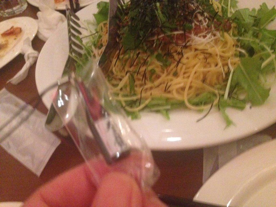 ねぎとろパスタ。手前のボケているのは、参加者がいただいた、日本酒「登龍」のストラップ。
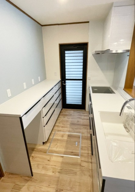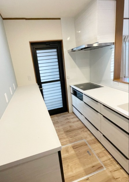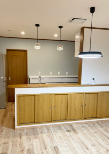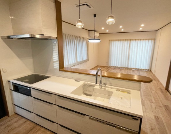 吊戸棚を撤去して、上部の壁を無くしました。「まるで新築のよう」キッチンからもリビングを見渡せる開放的な空間になりました。
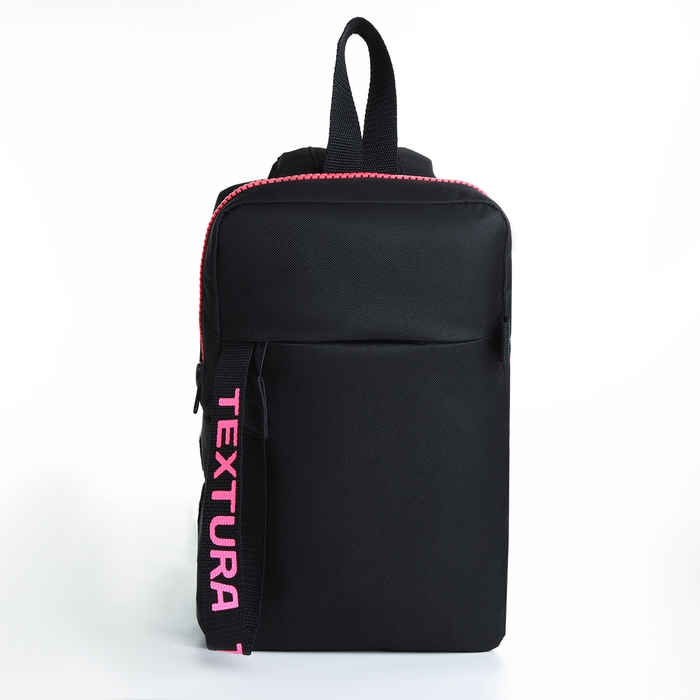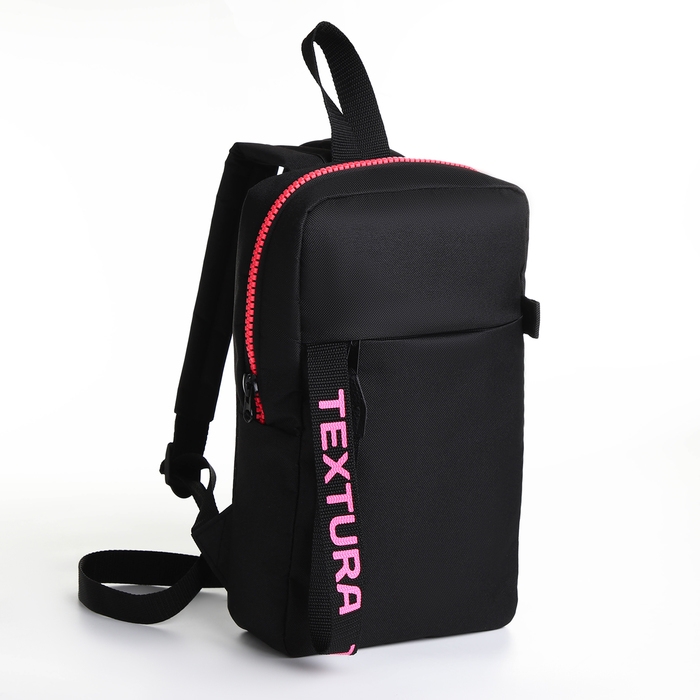 Рюкзак на молнии TEXTURA, наружный карман, цвет чёрный/розовый
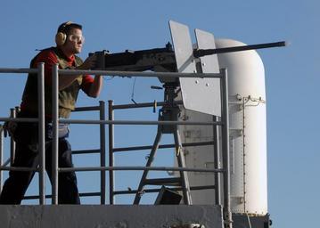 | Keywords: US Navy 070719-N-7981E-237 Aviation Ordnanceman Airman Jason Rowe fires a .50-caliber machine gun from the fantail of Nimitz-class aircraft carrier USS Abraham Lincoln (CVN 72) during a graded, live-fire killer barrel exercise.jpg en PACIFIC OCEAN July 19 2007 - Aviation Ordnanceman Airman Jason Rowe fires a 50-caliber machine gun from the fantail of Nimitz-class aircraft carrier USS Abraham Lincoln CVN 72 during a graded live-fire killer barrel exercise Killer barrel tests the ability of Lincoln's machine gun crews to engage and destroy small surface threats by firing on floating target barrels equipped with smoke markers Lincoln is underway conducting carrier qualifications off the coast of Southern California U S Navy photo by Mass Communication Specialist 3rd Class James R Evans RELEASED 2007-07-19 070719-N-7981E-237 Navy http //www navy mil/view_image asp id 48551 U S Navy photo by Mass Communication Specialist 3rd Class James R Evans PD-USGov-Military-Navy Browning M2 of the US Navy Aviation Ordnanceman Aboard USS Abraham Lincoln CVN-72 Shooting |
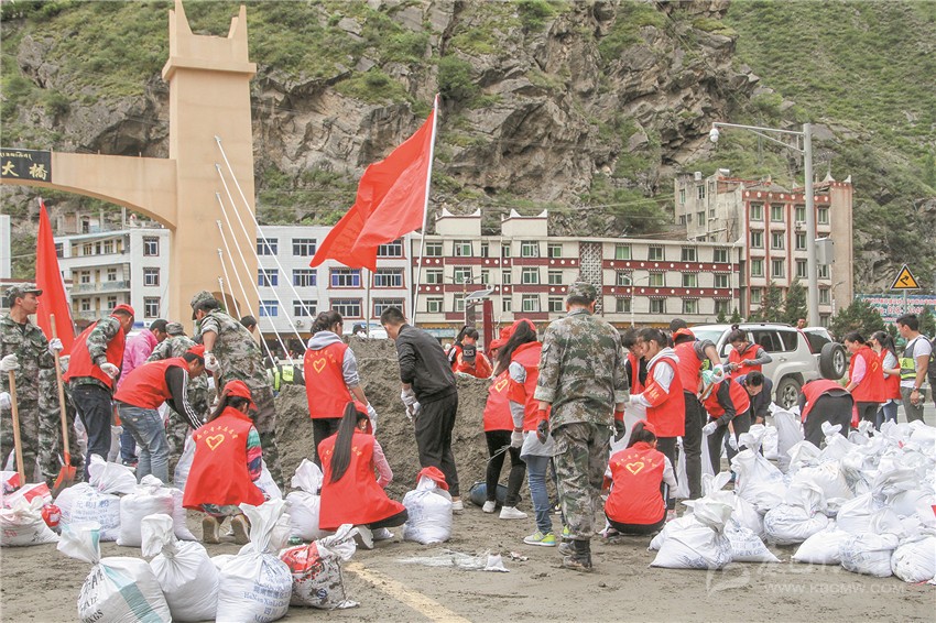 黨員志愿者活躍在抗洪搶險(xiǎn)第一線(xiàn)。
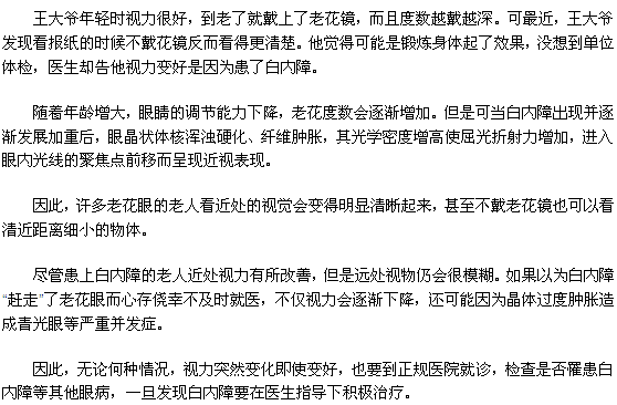 隨著人們年齡的增加,老花眼是老年人群中時(shí)?;加械?,但是當(dāng)患有老花眼的朋友們,突然老花眼好了。大家就要留心,也許是白內(nèi)障干的。下面就由醫(yī)學(xué)教育網(wǎng)小編來(lái)為大家詳細(xì)介紹為什么白內(nèi)障能讓老花眼突然變好吧。
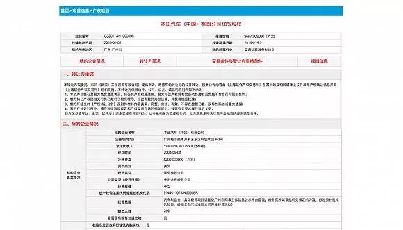 1月2日,上海聯合產權交易所在其官網上發布《本田汽車(中國)有限公司10%股權》的產權項目信心。根據公告稱,東風汽車集團股份有限公司將從即日起至2018年1月29日,掛牌出售本田汽車(中國)有限公司的10%股權,掛牌價為9487.009萬元。根據上海聯合產權交易所公布的標的企業股權結構顯示,10%是東風汽車集團股份有限公司所持有的本田汽車(中國)有限公司的全部股份,此次為期一個月的掛牌出售意味著東風汽車將從本田汽車(中國)有限公司的股東名單中徹底消失。 上個月,廣州汽車集團股份有限公司式審議通過了《關于轉讓本田(中國)25%股權及廣汽本田收購重組本田(中國)方案的議案》,批準廣汽本田汽車有限公司收購本田汽車(中國)有限公司100%股權,項目計劃總投資12.06億元。 根據官方公布的資料顯示,廣州汽車集團股份有限公司董事會同意將本公司所持有的本田汽車(中國)有限公司25%股權通過公開市場對外轉讓,掛牌轉讓底價約為23,159.3萬元,具體根據經備案的資產評估報告結果為依據確定。同意在獲得相關部門審批通過后,批準本公司合營企業廣汽本田汽車有限公司通過公開市場受讓及協議受讓收購本田汽車(中國)有限公司100%股權,并進行改造升級。
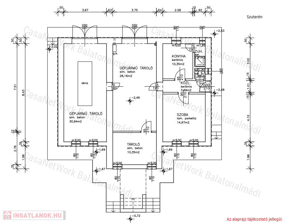 - szuterén: komplett vendéglakás és kettő nagyméretű garázs
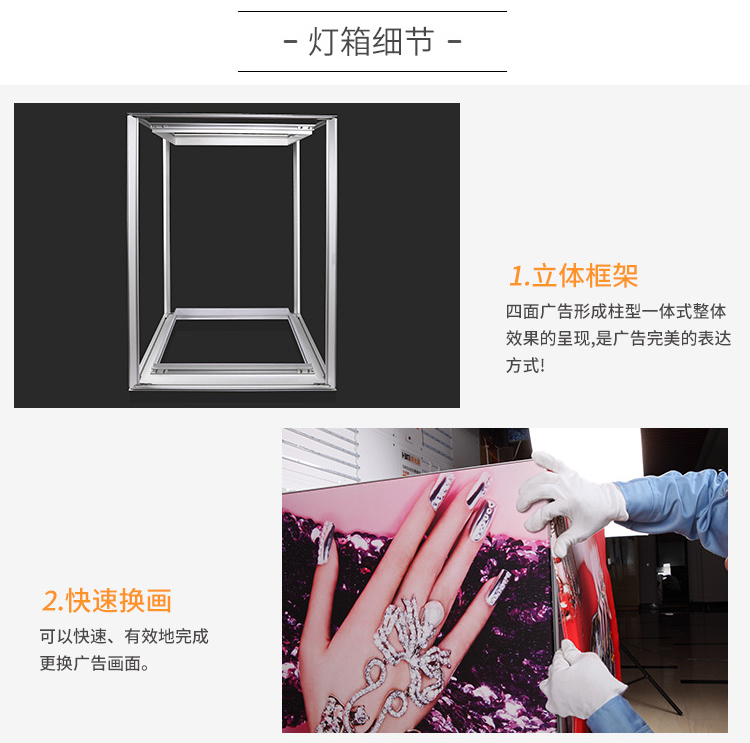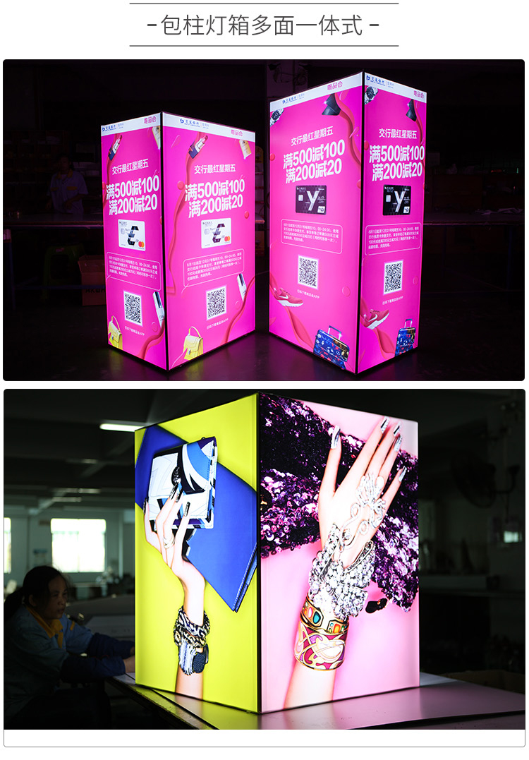 產(chǎn)品簡介:匯百美包柱燈箱——突破單一的廣告宣傳,全方位四面展示廣告,充分利用空間,廣告效益擴大化!...
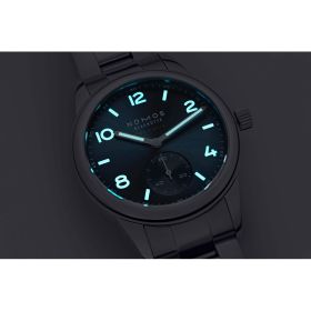 Das frische arktikblaue Club Sport neomatik Gehäuse mit einem Durchmesser von 37 mm – diese Automatikuhr mit edlem Sonnenschliff strahlt an jedem Handgelenk. In motivierender Sportlichkeit begleitet sie durch den bewegten Alltag. Angetrieben wird das Hochleistungsmodell vom DUW 3001 Uhrwerk, dem innovativen Manufakturwerk von NOMOS. Das von NOMOS entwickelte und gefertigte Uhrwerk ist nur 3,2 mm hoch und für höchste Präzision mit dem NOMOS-Schwingsystem ausgestattet. Wer, vom Schreibtisch kommend, beim Sprung in den Pool keine Zeit verlieren will, ist mit dieser Uhr gut beraten, denn Club Sport neomatik polar ist bis 20 atm wasserdicht und bleibt beim Schwimmen einfach am Handgelenk.Produktspezifikationen
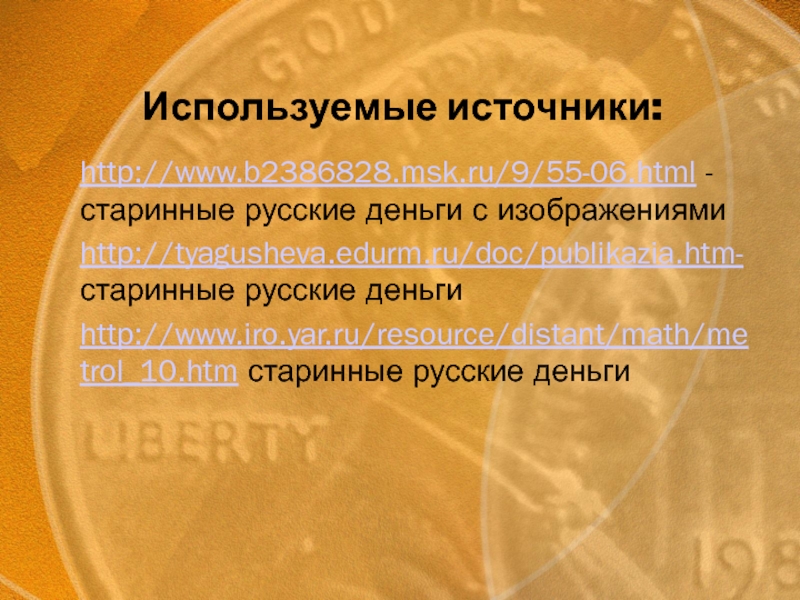 Используемые источники:http://www.b2386828.msk.ru/9/55-06.html - старинные русские деньги с изображениями http://tyagusheva.edurm.ru/doc/publikazia.htm- старинные русские деньги http://www.iro.yar.ru/resource/distant/math/metrol_10.htm старинные русские деньги
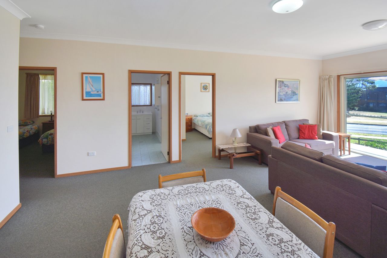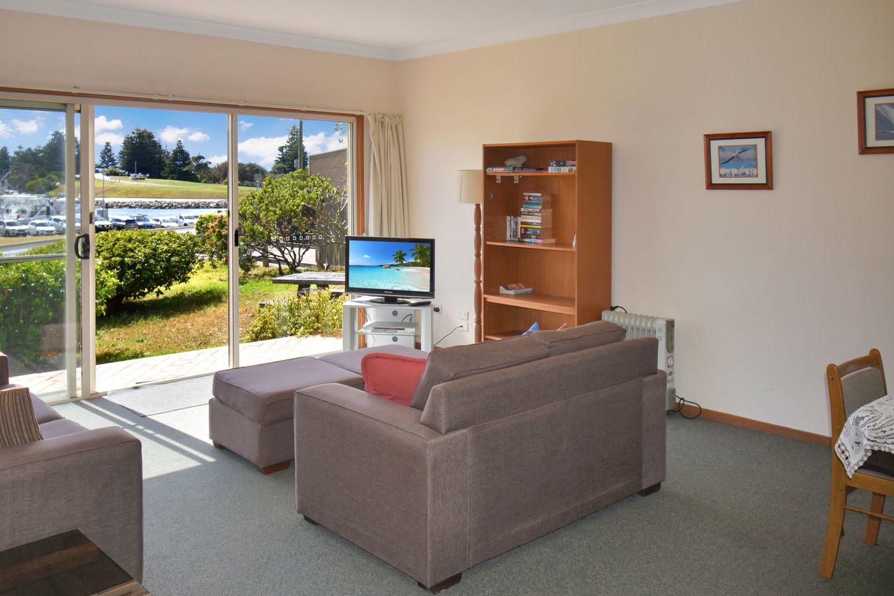2 Located directly across the road from Fishermen's Wharf this lovely two-bedroom duplex has a great outlook with views straight up the harbour. It is the perfect spot for a relaxing holiday and close to all the delights of Bermagui's beaches, harbour, fishing, restaurants and cafes- an easy flat walk of 650 metres to main street attractions. If you're bringing your fishing gear rear lane access provides off street parking for your small boat.
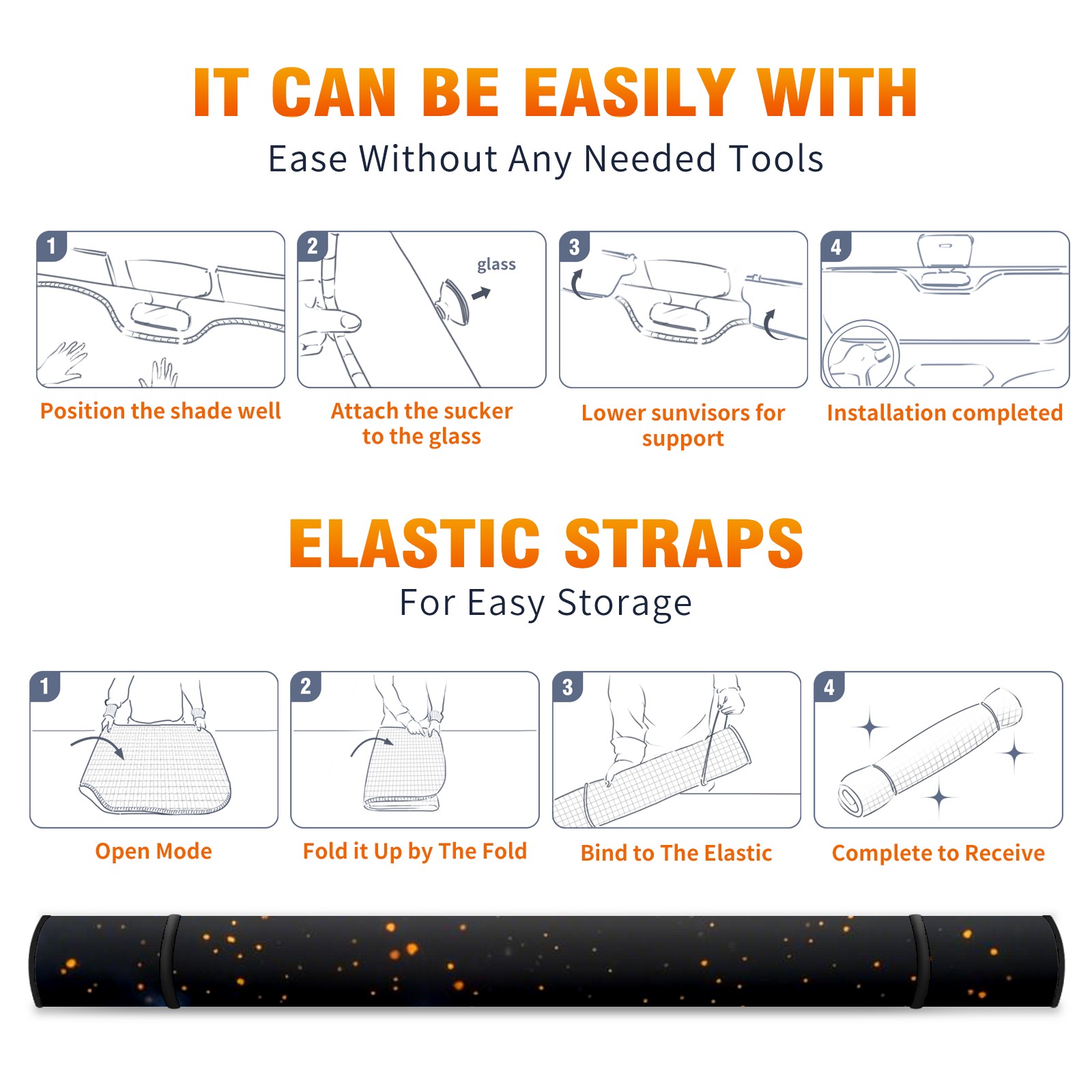 Aluminum Foil Polyester Car Sunshade Pad, Efficient Heat Insulation And Sun Protection ArtifactBlack Starry Sky
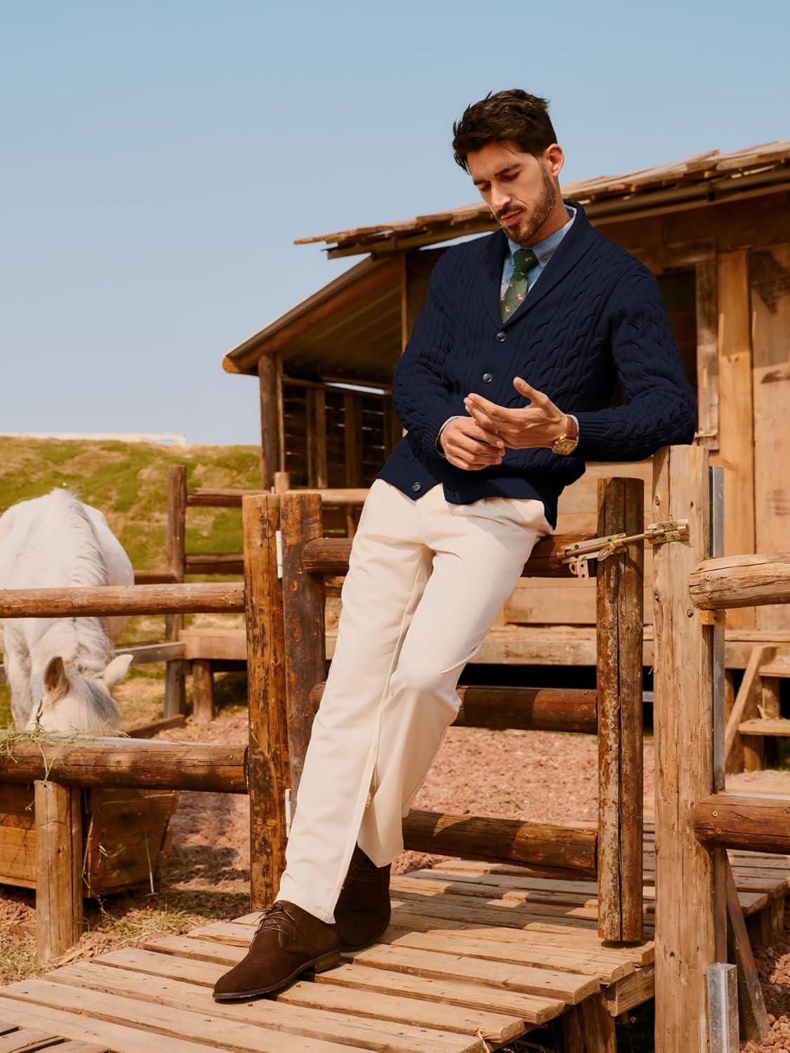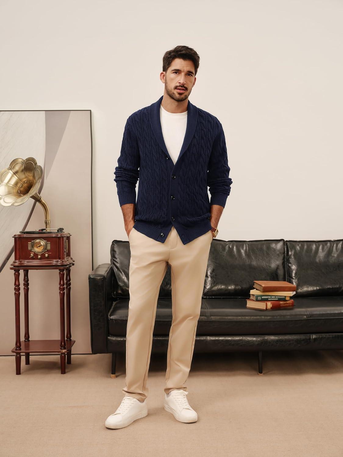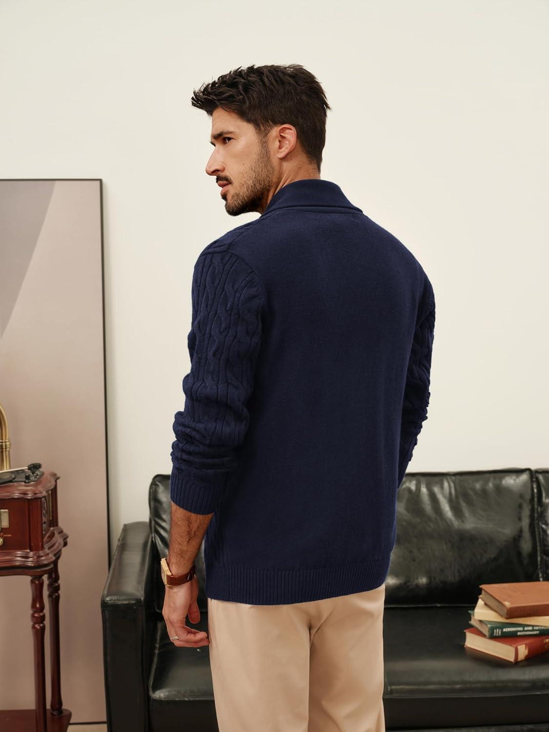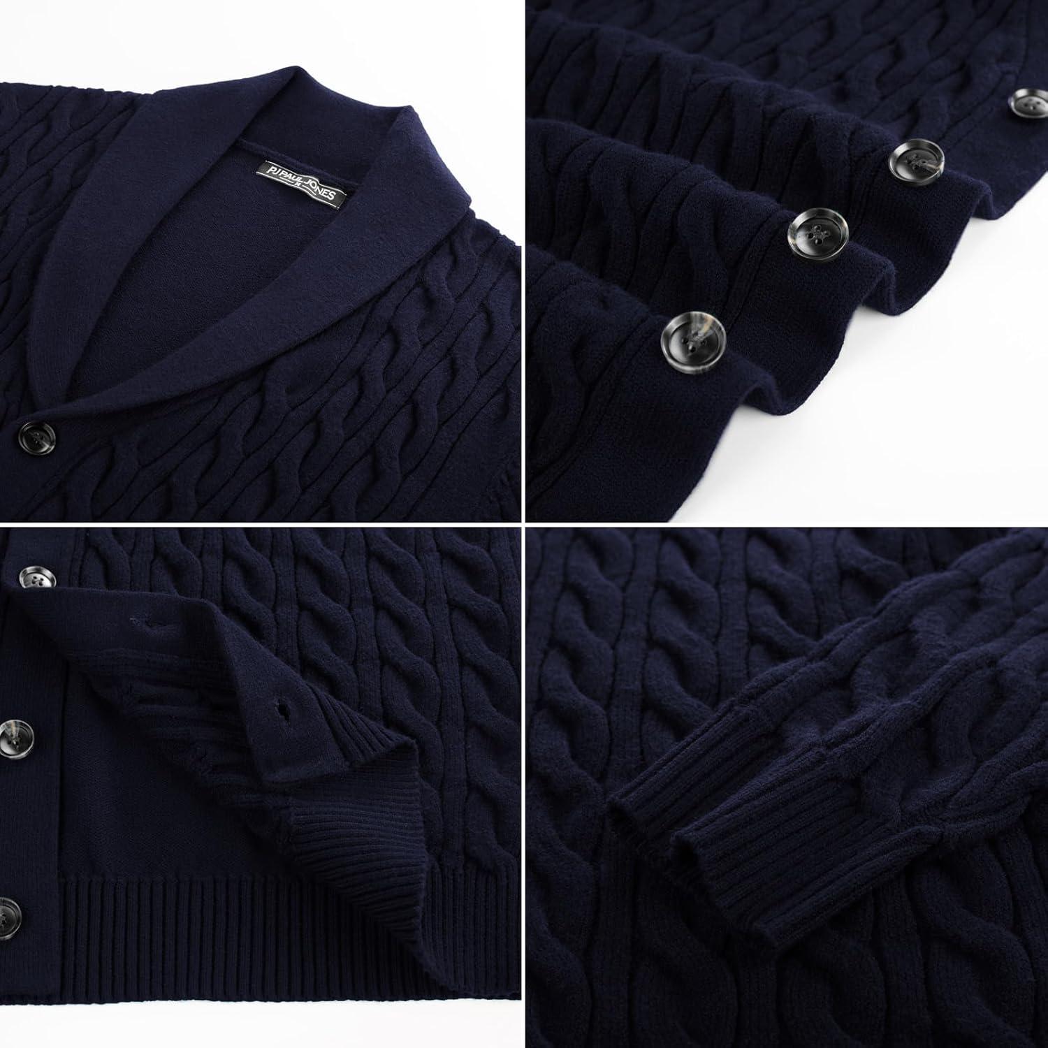 PJ PAUL JONES Mens Cardigan Sweater Cable Knit Sweaters Shawl Collar Texture Solid Cardigans(Navy Blue)
◆ ◆ ◆ ◆ ◆
> [Task description]: Your reply should contain only an exact copy of the lines from the beginning of the material through the line with "Рюкзак на молнии", both ends included, with the pictures removed.

> [Problem solution]:
 ねぎとろパスタ。手前のボケているのは、参加者がいただいた、日本酒「登龍」のストラップ。
 吊戸棚を撤去して、上部の壁を無くしました。「まるで新築のよう」キッチンからもリビングを見渡せる開放的な空間になりました。
 Рюкзак на молнии TEXTURA, наружный карман, цвет чёрный/розовый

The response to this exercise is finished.